Supported by NSERC-DG, a research project was conducted (and on-going) to develop a modular construction solution that is tailored to address the Indigenous housing challenges in Northern Canada. Activities included climate hazard characterization for the region to account for climate change, assessment of various structural systems and materials for resilience against extreme wind loads and cold temperatures, and improvement of modular designs for efficiency and climate resistance. The research, carried out at SWERL, accurately quantified wind impacts on structures through Wind Tunnel (WT) testing and Computational Fluid Dynamics (CFD) models. Experimental testing, cold chamber tests, and finite element analysis were utilized to evaluate the structural and thermal performance of different systems and materials. The study optimized the modular design, identifying the best alternatives that enhance wind and thermal performance while reducing costs, leveraging advanced optimization and Artificial Intelligence (AI)-based regression techniques to improve Indigenous houses. 

An innovative aerodynamic optimization process aimed at mitigating wind impact on standalone tall buildings through shape modification was spearheaded. This robust procedure integrates a Computational Fluid Dynamics (CFD) solver for wind load analysis, a Genetic Algorithm (GA) for optimization, and an Artificial Neural Network (ANN) to pinpoint the building shape that offers optimal aerodynamic performance while adhering to specific architectural constraints to ensure the shape’s practicality. The method was applied to refine the design of tall building corners, as well as twisted and vented structures, and was expanded to enhance multiple objective functions by determining the “Pareto Front.” The optimization algorithm excels in identifying the global optimum, avoiding local extreme values, while the ANN efficiently captures complex variations in the objective function. Conducted at SWERL, this technique is adaptable for enhancing aerodynamic performance in various structures, including houses, bridges, and electricity transmission lines, and holds potential for non-structural applications in vehicles such as aircraft, cars, and motorcycles. 

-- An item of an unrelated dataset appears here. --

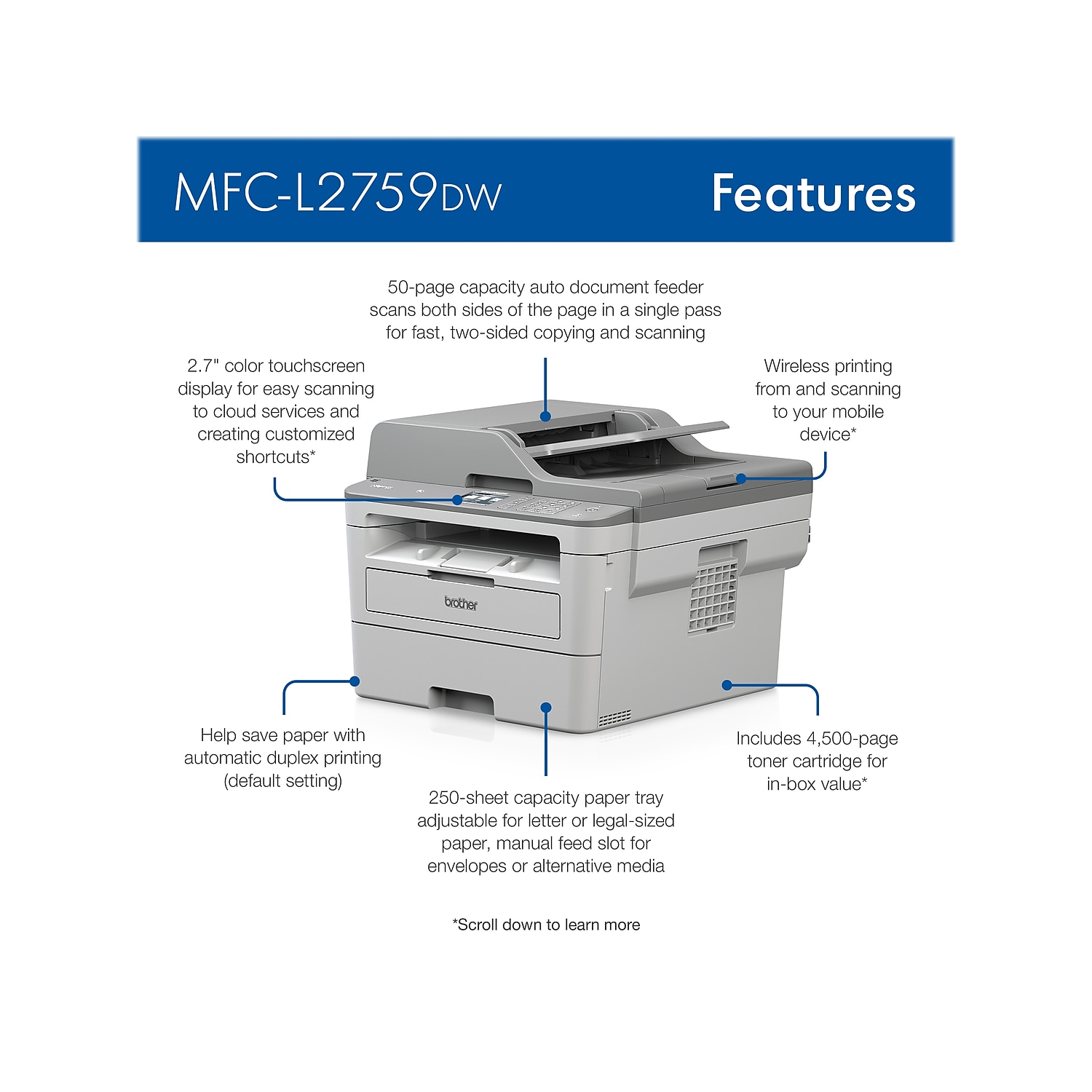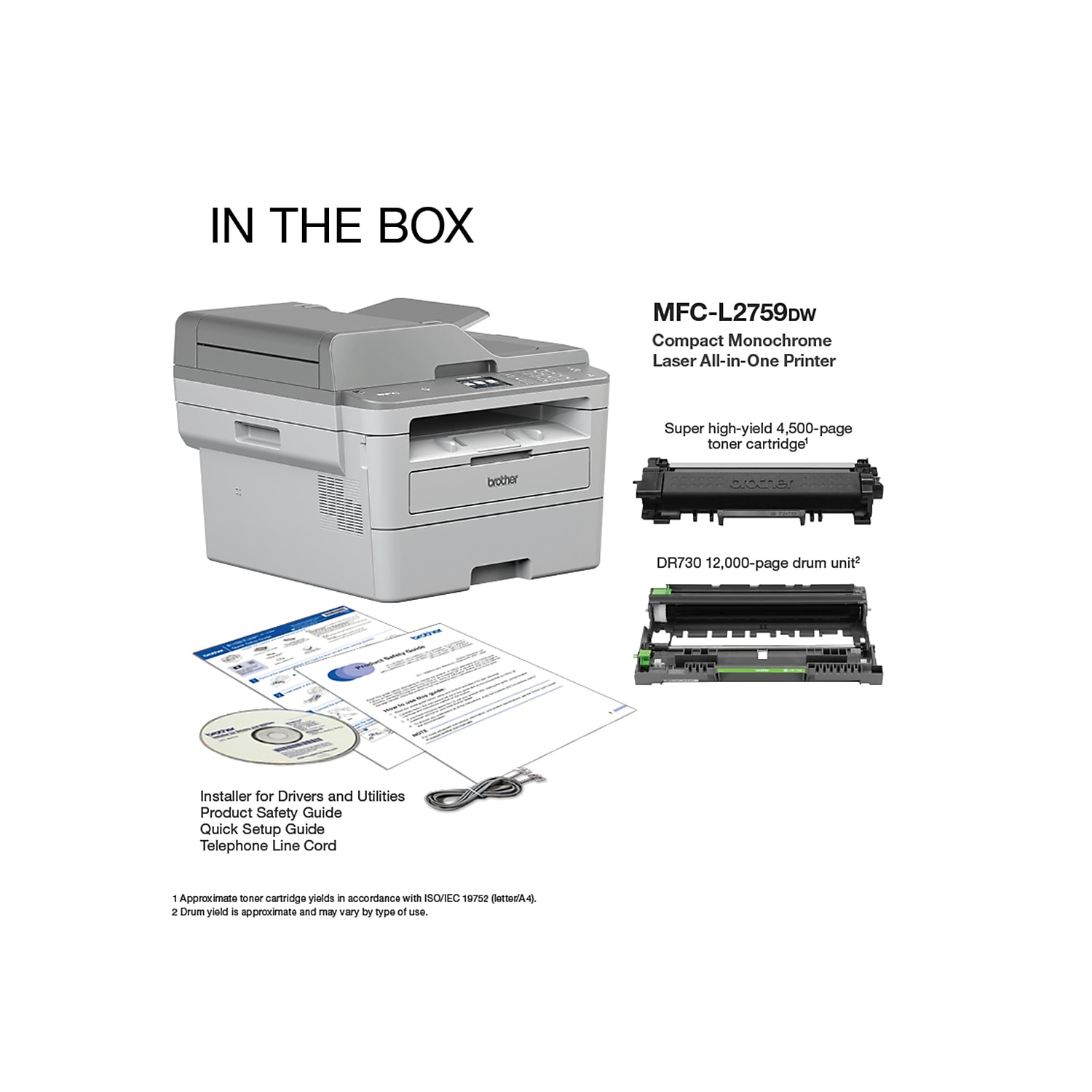 The Brother MFC‐L2759DW compact monochrome laser all-in-one printer provides the functionality you need for environments with limited space, including corporate home offices and small offices. This compact and reliable all-in-one printer helps increase productivity with fast print speeds up to 36 ppm and default automatic duplex (two-sided) printing to help save paper. Offers in-box value with the ability to print up to 4500 pages using the included Brother genuine super high-yield toner cartridge. Equipped with a 250‐sheet capacity paper tray that is adjustable for letter- or legal-size paper, so you can spend less time refilling paper trays. Helps save time with single-pass duplex (two-sided) scanning and copying via a 50‐page capacity automatic document feeder for multipage copy, scan, and fax. Print from and scan to popular cloud services directly from the 2.7″ color touch-screen display. Create custom shortcuts for your most used features to help streamline workflows and save time. The MFC‐L2759DW also features built-in wireless and Ethernet network interfaces to easily set up and share on your wireless or wired network. Wirelessly print from your desktop, laptop, smartphone, or tablet: perfect for today’s remote workforce. • Designed for how work now works, this compact all-in-one printer is perfect for today’s corporate home offices and small offices. • Offers resolutions up to 2400 x 600 dpi for excellent readability. • High-quality output with print speeds up to 36 ppm helps boost productivity and ensures fast professional-quality documents. • 1 x USB 2.0, 1 x LAN, NFC, and Wi-Fi connectivity helps enhance productivity. • Dimensions: 12.5″H x 16.1″W x 15.7″D. • Types of media supported include plain paper, letterheads, recycled paper, bond paper, labels, and envelopes. • 600MHz processor and 256MB of memory ensure speed and accuracy. • Offers in-box value with the ability to print up to 4500 pages using the included Brother genuine super high-y…

A research project was conducted (and on-going) at SWERL to enhance the sustainability and resiliency of buildings and urban environments through advanced methodologies in Machine Learning, Digital Twinning, and Optimization. A Machine Learning framework, known as the Structural Wind Optimization Framework (SWOF), was developed to perform topology optimization of tall buildings subjected to wind load. Various surrogate models, including Deep Neural Networks, Support Vector Machines, and Convolutional Neural Networks, were examined to aid the Genetic Algorithm in identifying the optimal structural configuration. This process utilized finite element analysis for performance assessment and Computational Fluid Dynamics (CFD) for wind load evaluation.

One of the research directions at SWERL is dedicated towards focusing on understanding structural resilience against natural hazards by examining how structures behave under extreme conditions like colliding events and fire. The analysis of how tall buildings withstand wind-induced impacts, particularly the effects of pounding between structures in proximity, provided insights into the necessary gap distances and structural resilience to counteract such impacts. This research emphasized the use of Machine Learning (ML) to develop estimating analytical models for structural behaviors. Numerical methods were employed to investigate the consequences of water vessels colliding with electricity distribution lines, evaluating the resulting tension forces. Research was also conducted on evaluating structural deterioration resulting from fire exposure and exploring the potential for restoring structural capacity using Carbon Fiber Reinforced Polymer (CFRP). Another project delved into the resilience of reinforced concrete structures against progressive collapse triggered by seismic events, focusing on the capacity of surrounding slabs to preserve structural integrity through catenary action after the loss of a column. 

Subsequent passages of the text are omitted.